PROBLEM: I need the lines below from the one with "研究生招生是国家选拔高层次专" down to the one with "The SQ7 offers" reproduced exactly, both ends included, and nothing else.

DATA FOR THE TASK:
*****

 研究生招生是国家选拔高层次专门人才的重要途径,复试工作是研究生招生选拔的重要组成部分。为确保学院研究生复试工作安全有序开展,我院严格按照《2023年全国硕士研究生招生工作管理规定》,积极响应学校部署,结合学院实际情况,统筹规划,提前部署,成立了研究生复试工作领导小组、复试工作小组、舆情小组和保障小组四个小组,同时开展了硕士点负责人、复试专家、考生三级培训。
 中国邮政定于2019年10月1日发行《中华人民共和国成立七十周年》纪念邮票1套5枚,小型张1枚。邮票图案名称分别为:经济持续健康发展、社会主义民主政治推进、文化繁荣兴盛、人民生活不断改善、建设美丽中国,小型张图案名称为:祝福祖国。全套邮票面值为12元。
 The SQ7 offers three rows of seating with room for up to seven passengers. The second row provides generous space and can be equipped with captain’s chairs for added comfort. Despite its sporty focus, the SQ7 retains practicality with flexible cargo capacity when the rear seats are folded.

*****

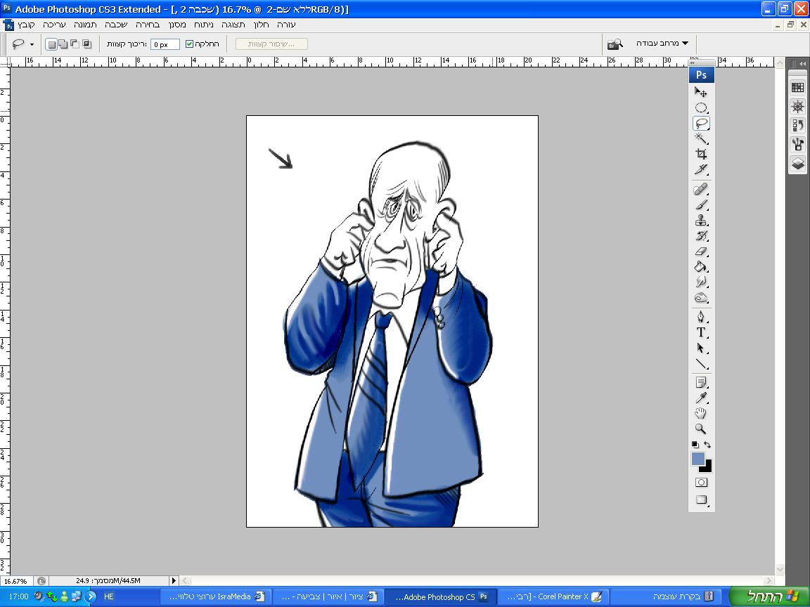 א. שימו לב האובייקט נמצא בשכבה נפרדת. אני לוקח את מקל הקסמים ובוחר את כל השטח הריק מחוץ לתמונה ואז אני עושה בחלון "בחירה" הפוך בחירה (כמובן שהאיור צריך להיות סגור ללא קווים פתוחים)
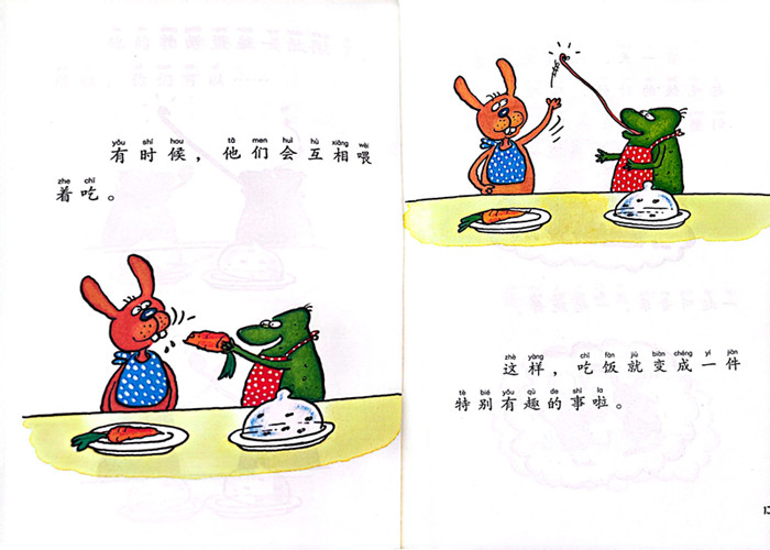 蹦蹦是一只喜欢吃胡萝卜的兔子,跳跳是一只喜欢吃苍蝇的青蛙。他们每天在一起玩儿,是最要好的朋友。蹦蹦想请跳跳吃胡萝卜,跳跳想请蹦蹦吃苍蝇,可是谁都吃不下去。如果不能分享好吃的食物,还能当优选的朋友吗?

*****

RESULT FOR THIS TASK:
 研究生招生是国家选拔高层次专门人才的重要途径,复试工作是研究生招生选拔的重要组成部分。为确保学院研究生复试工作安全有序开展,我院严格按照《2023年全国硕士研究生招生工作管理规定》,积极响应学校部署,结合学院实际情况,统筹规划,提前部署,成立了研究生复试工作领导小组、复试工作小组、舆情小组和保障小组四个小组,同时开展了硕士点负责人、复试专家、考生三级培训。
 中国邮政定于2019年10月1日发行《中华人民共和国成立七十周年》纪念邮票1套5枚,小型张1枚。邮票图案名称分别为:经济持续健康发展、社会主义民主政治推进、文化繁荣兴盛、人民生活不断改善、建设美丽中国,小型张图案名称为:祝福祖国。全套邮票面值为12元。
 The SQ7 offers three rows of seating with room for up to seven passengers. The second row provides generous space and can be equipped with captain’s chairs for added comfort. Despite its sporty focus, the SQ7 retains practicality with flexible cargo capacity when the rear seats are folded.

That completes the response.